Food for athletes
Omega 3: benefits, contraindications, and how to take them
Omega 3: what is it used for?
Omega 3s are essential fatty acids, defined as such because the body cannot produce them on its own; therefore, they must be obtained through diet or supplements. For our health, three main types of Omega 3s can be identified:- ALA (Alpha-Linolenic Acid)
- EPA (Eicosapentaenoic Acid)
- DHA (Docosahexaenoic Acid)
- Cardiovascular health: Omega 3s help reduce blood triglyceride levels, lowering the risk of heart disease. They may also contribute to maintaining balanced blood pressure.
- Cognitive function: Omega 3s are essential during fetal and infant development as they are crucial for the formation of the central nervous system and learning. Additionally, they may help reduce the risk of developing neurodegenerative diseases such as Alzheimer’s.
- Anti-inflammatory properties: These fatty acids have anti-inflammatory properties that can help alleviate symptoms of chronic inflammatory conditions like rheumatoid arthritis.

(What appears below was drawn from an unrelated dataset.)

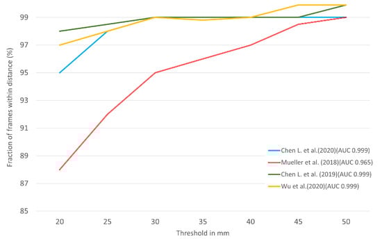 For the STB dataset, we compare DGGAN [35], GANerated [38], TAGAN [33], and MM-Hand [34] based on the reported PCK value in Figure 8. As it is mentioned, the larger the area under the curve, the higher the represented accuracy. The GANerated [38] has the lowest value of 0.965, compared to the others.

- Eye health: Omega 3s are vital for retinal health and can help prevent age-related macular degeneration as well as dry eyes.
When to take Omega 3s
The benefits of Omega 3s cover various aspects of health and physical well-being, which is why taking Omega 3s is important throughout all stages of life. Dosage varies based on age and other personal specifics; therefore, it is recommended to consult a doctor to determine the appropriate dosage and duration for Omega 3 intake based on individual needs and medical history. In recent years, Omega 3s have also been recommended in sports nutrition because they provide crucial benefits for athletes: they offer protective effects on muscles and their anti-inflammatory action is particularly useful for those who engage in intense training. In such cases, it is recommended to take one Omega 3 supplement capsule per day in addition to a balanced diet. Athletes know that diet is as important as training, considering the type of sport, intensity, and frequency of the exercise.Foods rich in Omega 3
In addition to supplements, which are especially useful for obtaining pure Omega 3s, there are Omega 3-rich foods to include in your diet (without overdoing it, as some of these foods might be harmful if consumed excessively):- Fatty fish: Salmon, mackerel, sardines, tuna, and herring are rich in Omega 3s.
- Flaxseeds and chia seeds: These contain Alpha-Linolenic Acid (ALA), a plant-based form of Omega 3.
- Walnuts: A great snack providing a good amount of Omega 3s.
- Fish oil, flaxseed oil: Oils that are sources of Omega 3, perfect for dressings.
Omega 3: contraindications
Although Omega 3s are generally considered safe and provide significant health benefits, it is important not to exceed recommended doses and to be aware of potential negative effects:- High doses: excessive Omega 3 intake can increase the risk of bleeding, especially for those on anticoagulants or with bleeding disorders.
- Allergic reactions: some people may have allergic reactions to seafood, a common source of Omega 3, or to fish oil supplements.
- Drug interactions: omega 3s can interact with certain medications, such as those for lowering blood pressure or controlling cholesterol.
- Contaminants: some fish oils may contain traces of mercury and other toxins, which could be harmful to health.